What to work on: The pictures must be left out, while the rest of the data is copied exactly.

Data:
[Start of Attachment]
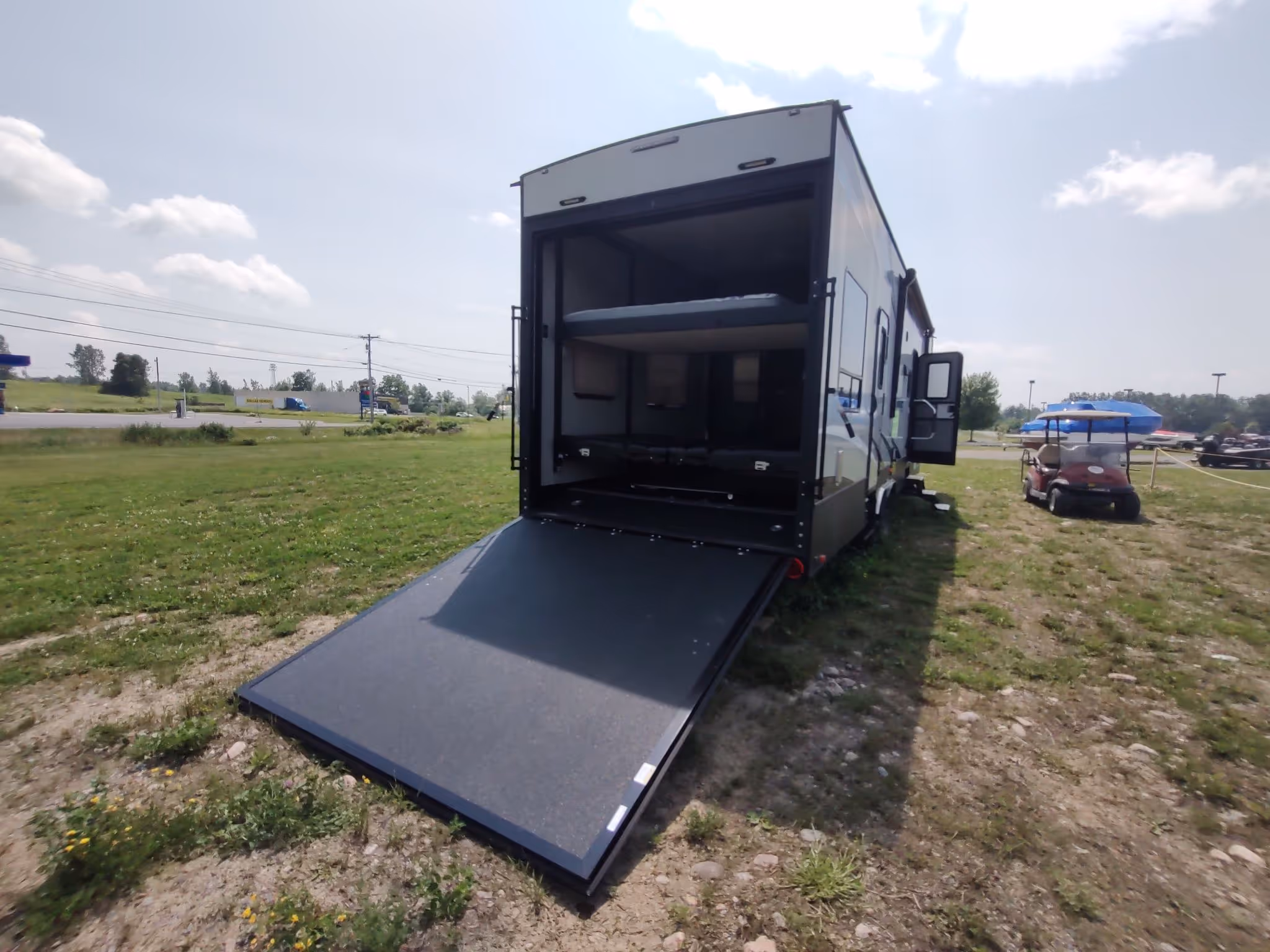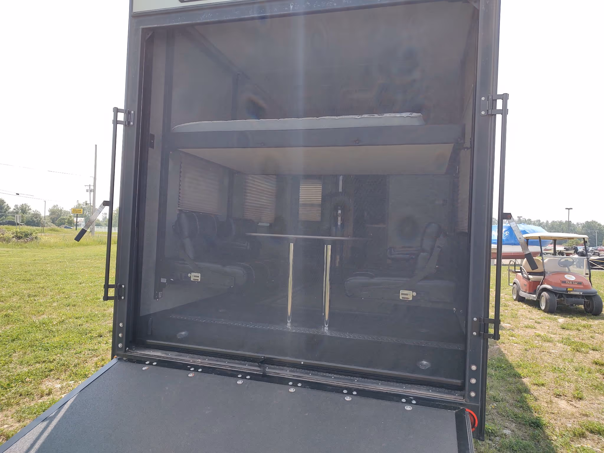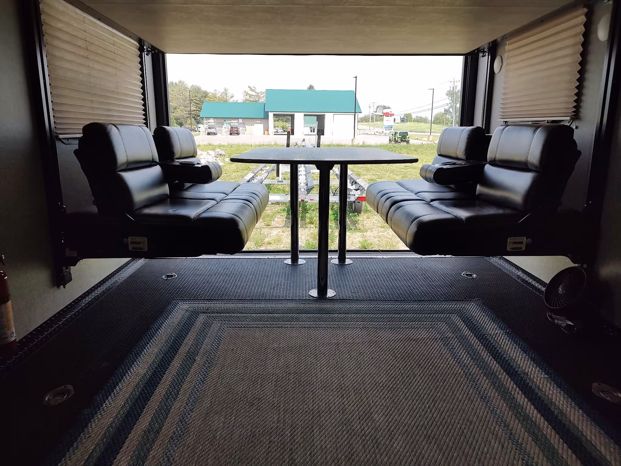 - 1500-lb. D‑rings in the garage, folding tables, and pull‑down screen in the cargo area
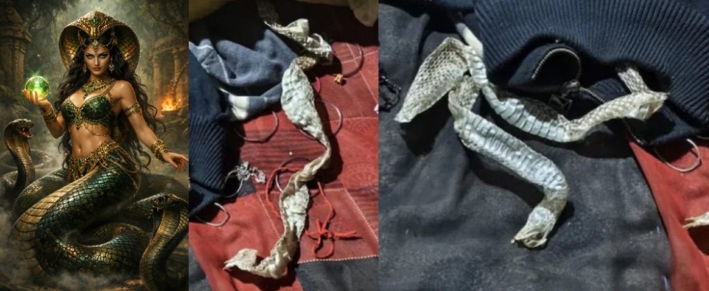 சிங்கன்பூர் கிராமத்தைச் சேர்ந்த 24 வயதான ரீனா, ஞாயிறு இரவு வீட்டில் இருந்து மாயமானார். திங்கள்கிழமை காலை அவரது படுக்கையில் சுமார் 5 அடி நீளமுள்ள பாம்பு தோல், வளையல்கள், மோதிரங்கள், உடைகள் கிடந்ததை பார்த்த குடும்பத்தினர், “எங்கள் மகள் நாகினியாக (பாம்பு) மாறிவிட்டார்” என பரபரப்பை ஏற்படுத்தினர்.
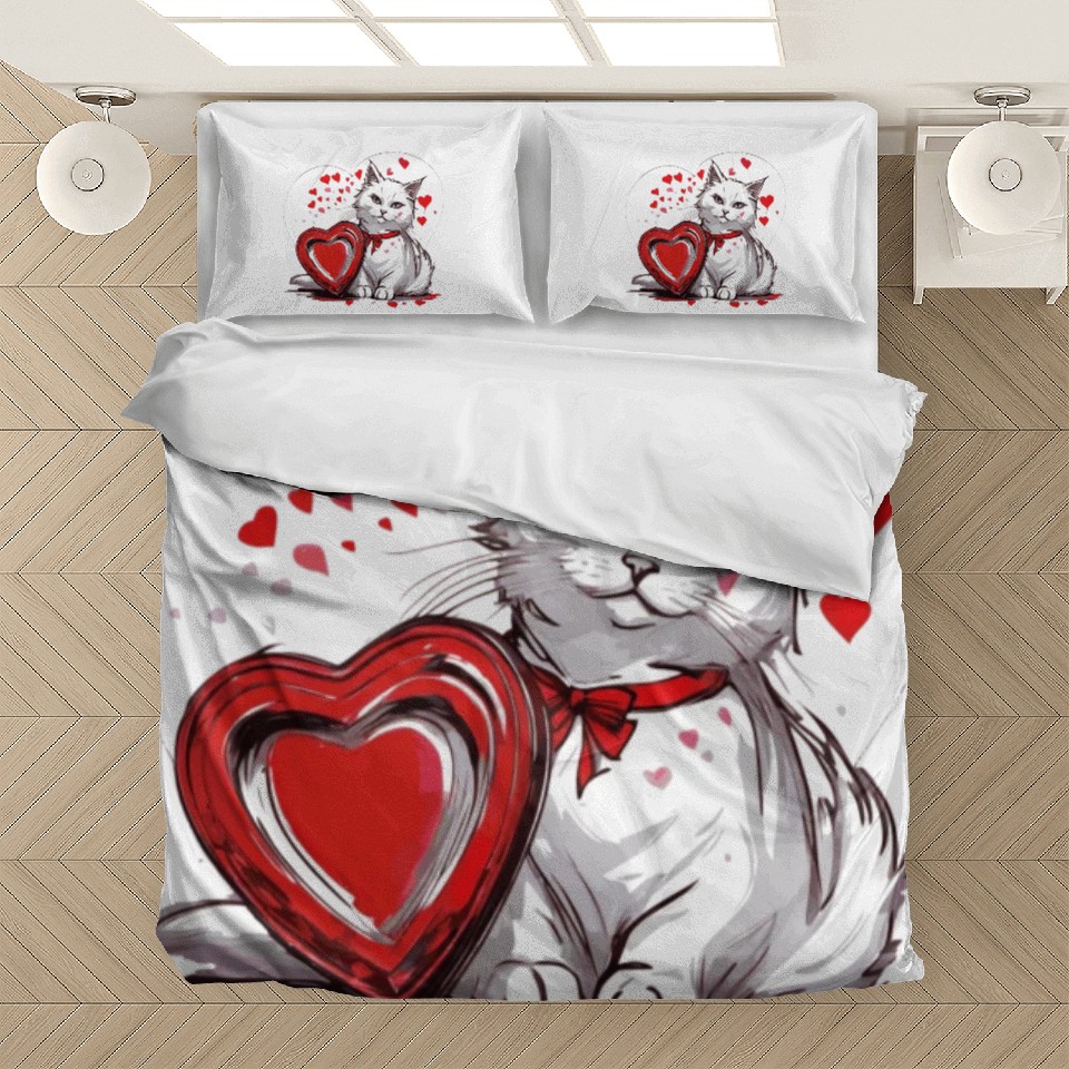 Shop for attractive Valentines Day White Cat With Red Heart Box Bedding Sets or see more Bedding Sets products on https://printblur.com right now!
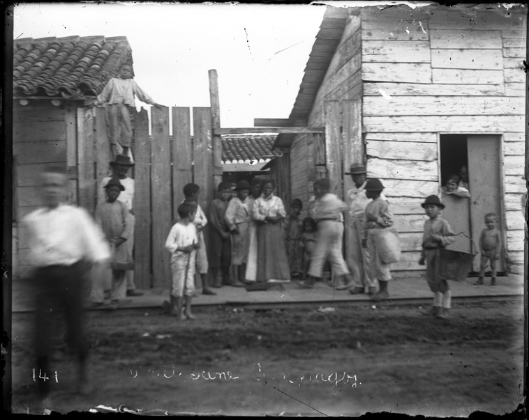 Group of men, women and children gather in front of wooden buildings with tile roofs; wooden fence and dirt road. Written on image: "Street scene, Cienfuegos." Recorded in ledger: "Street seen [sic] at Cienfuagos [sic] Cuba." Emulsion lifting from plate.
[End of Attachment]
Exercise output:
 - 1500-lb. D‑rings in the garage, folding tables, and pull‑down screen in the cargo area
 சிங்கன்பூர் கிராமத்தைச் சேர்ந்த 24 வயதான ரீனா, ஞாயிறு இரவு வீட்டில் இருந்து மாயமானார். திங்கள்கிழமை காலை அவரது படுக்கையில் சுமார் 5 அடி நீளமுள்ள பாம்பு தோல், வளையல்கள், மோதிரங்கள், உடைகள் கிடந்ததை பார்த்த குடும்பத்தினர், “எங்கள் மகள் நாகினியாக (பாம்பு) மாறிவிட்டார்” என பரபரப்பை ஏற்படுத்தினர்.
 Shop for attractive Valentines Day White Cat With Red Heart Box Bedding Sets or see more Bedding Sets products on https://printblur.com right now!
 Group of men, women and children gather in front of wooden buildings with tile roofs; wooden fence and dirt road. Written on image: "Street scene, Cienfuegos." Recorded in ledger: "Street seen [sic] at Cienfuagos [sic] Cuba." Emulsion lifting from plate.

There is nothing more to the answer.